Question: IRanges: reduce(), findOverlaps(), and intersect() by group
0
gravatar for pesquivel
3.9 years ago by
pesquivel0
United States
pesquivel0 wrote:

Hi,

Background I have two drug utilization datasets for two drugs A and B. Each row in the datasets represents a prescription, described by patient.id, drug.namestart.date , and  days.supply. Both datasets have been filtered so they contain only seven-day-long prescriptions (days.supply = 7 for all rows) and only  patients that consumed both drugs. All values of start.date are positive integers.
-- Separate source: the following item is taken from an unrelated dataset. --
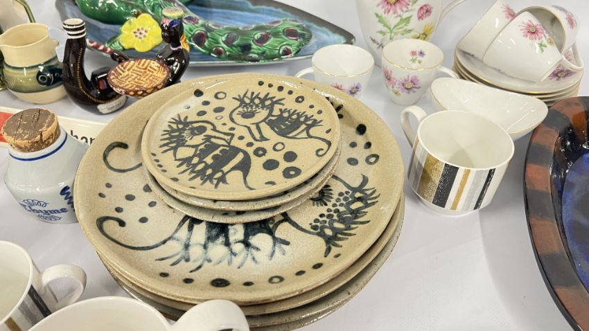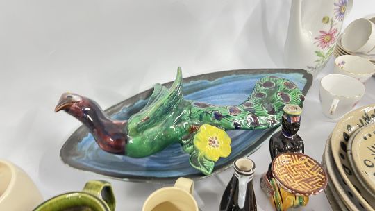 A GROUP OF SUNDRY CHINA TO INCLUDE STUDIO POTTERY EXAMPLES, MID WINTER TEA WARE, 2 X DOULTON LAMBETH POTS AND A GROUP OF ASSORTED HOLKHAM POTTERY ETC. + A GLAZED "VALLAURIS" PEACOCK PLAQUE A/F.

Question Using IRanges but without resorting to loops, how could one find the patients who simultaneously consumed both drugs? More precisely, find a no-loop IRanges algorithm that identifies every patient.id with at least one prescription for A and one prescription for B that mutually overlap by at least one day. Note that two A-prescriptions for the same patient should be considered one longer A-prescription; same goes for B-prescriptions.

Initial code and error message This question seems to me to be a time to use reduce() and either findOverlaps() or intersect(). While it is easy enough to apply these functions to each dataset as a whole, they however must instead be applied patient by patient.

ir.A <- IRanges(start = as.integer(A$start.date), width = as.integer(A$days.supply))
ir.B <- IRanges(start = as.integer(B$start.date), width = as.integer(B$days.supply))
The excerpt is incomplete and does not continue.